Everything from the line containing "Читать полностьюВ отеле" through the line containing "ومنها: إذا دخل" should be repeated exactly, and nothing else from the data.

_Available data_
────────────────
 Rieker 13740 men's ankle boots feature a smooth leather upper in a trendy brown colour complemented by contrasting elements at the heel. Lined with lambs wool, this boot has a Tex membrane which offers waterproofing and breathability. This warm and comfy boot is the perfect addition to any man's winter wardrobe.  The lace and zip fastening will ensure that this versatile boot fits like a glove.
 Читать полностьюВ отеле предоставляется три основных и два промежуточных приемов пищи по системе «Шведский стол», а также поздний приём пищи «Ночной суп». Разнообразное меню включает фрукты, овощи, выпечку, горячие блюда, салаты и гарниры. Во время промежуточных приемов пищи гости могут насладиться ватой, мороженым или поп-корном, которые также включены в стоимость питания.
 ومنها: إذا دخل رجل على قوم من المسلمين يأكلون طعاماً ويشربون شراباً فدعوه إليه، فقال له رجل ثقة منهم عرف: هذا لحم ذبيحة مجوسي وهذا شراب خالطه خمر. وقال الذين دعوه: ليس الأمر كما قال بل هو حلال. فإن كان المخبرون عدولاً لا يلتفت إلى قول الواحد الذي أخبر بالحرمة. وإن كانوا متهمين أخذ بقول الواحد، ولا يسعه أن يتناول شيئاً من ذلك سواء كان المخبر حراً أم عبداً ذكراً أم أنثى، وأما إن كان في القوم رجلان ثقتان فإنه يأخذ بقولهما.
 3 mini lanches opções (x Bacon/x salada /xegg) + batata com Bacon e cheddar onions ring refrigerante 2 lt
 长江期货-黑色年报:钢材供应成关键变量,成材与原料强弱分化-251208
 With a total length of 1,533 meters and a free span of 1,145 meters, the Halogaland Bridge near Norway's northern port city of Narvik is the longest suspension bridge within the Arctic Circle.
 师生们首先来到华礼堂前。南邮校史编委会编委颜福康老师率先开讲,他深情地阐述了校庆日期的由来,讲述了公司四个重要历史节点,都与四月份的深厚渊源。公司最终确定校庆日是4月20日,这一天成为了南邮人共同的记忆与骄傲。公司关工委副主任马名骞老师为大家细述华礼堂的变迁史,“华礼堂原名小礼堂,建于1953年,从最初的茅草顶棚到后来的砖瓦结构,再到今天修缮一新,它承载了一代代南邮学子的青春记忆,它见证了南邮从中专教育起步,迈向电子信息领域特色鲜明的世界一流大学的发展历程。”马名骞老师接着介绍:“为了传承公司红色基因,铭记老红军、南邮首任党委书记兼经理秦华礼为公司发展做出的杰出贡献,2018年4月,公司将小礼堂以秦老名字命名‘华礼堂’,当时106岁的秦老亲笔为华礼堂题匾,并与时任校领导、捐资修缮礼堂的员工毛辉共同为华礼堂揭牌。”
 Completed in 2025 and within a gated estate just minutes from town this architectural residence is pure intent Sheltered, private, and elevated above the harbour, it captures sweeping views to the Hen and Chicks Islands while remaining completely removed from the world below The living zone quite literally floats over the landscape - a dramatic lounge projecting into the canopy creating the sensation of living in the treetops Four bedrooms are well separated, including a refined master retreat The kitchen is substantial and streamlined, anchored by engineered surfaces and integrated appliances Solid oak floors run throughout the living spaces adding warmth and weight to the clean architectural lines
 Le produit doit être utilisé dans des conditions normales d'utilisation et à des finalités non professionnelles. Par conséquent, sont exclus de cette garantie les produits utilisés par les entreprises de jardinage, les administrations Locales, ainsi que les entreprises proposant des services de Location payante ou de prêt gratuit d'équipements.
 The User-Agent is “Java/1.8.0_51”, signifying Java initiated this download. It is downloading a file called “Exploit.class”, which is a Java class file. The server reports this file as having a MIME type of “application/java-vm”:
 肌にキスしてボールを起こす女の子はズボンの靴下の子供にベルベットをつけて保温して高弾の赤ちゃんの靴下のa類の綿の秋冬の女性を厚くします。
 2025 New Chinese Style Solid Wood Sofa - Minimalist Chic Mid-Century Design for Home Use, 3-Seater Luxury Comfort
────────────────
_Answer below_
 Читать полностьюВ отеле предоставляется три основных и два промежуточных приемов пищи по системе «Шведский стол», а также поздний приём пищи «Ночной суп». Разнообразное меню включает фрукты, овощи, выпечку, горячие блюда, салаты и гарниры. Во время промежуточных приемов пищи гости могут насладиться ватой, мороженым или поп-корном, которые также включены в стоимость питания.
 ومنها: إذا دخل رجل على قوم من المسلمين يأكلون طعاماً ويشربون شراباً فدعوه إليه، فقال له رجل ثقة منهم عرف: هذا لحم ذبيحة مجوسي وهذا شراب خالطه خمر. وقال الذين دعوه: ليس الأمر كما قال بل هو حلال. فإن كان المخبرون عدولاً لا يلتفت إلى قول الواحد الذي أخبر بالحرمة. وإن كانوا متهمين أخذ بقول الواحد، ولا يسعه أن يتناول شيئاً من ذلك سواء كان المخبر حراً أم عبداً ذكراً أم أنثى، وأما إن كان في القوم رجلان ثقتان فإنه يأخذ بقولهما.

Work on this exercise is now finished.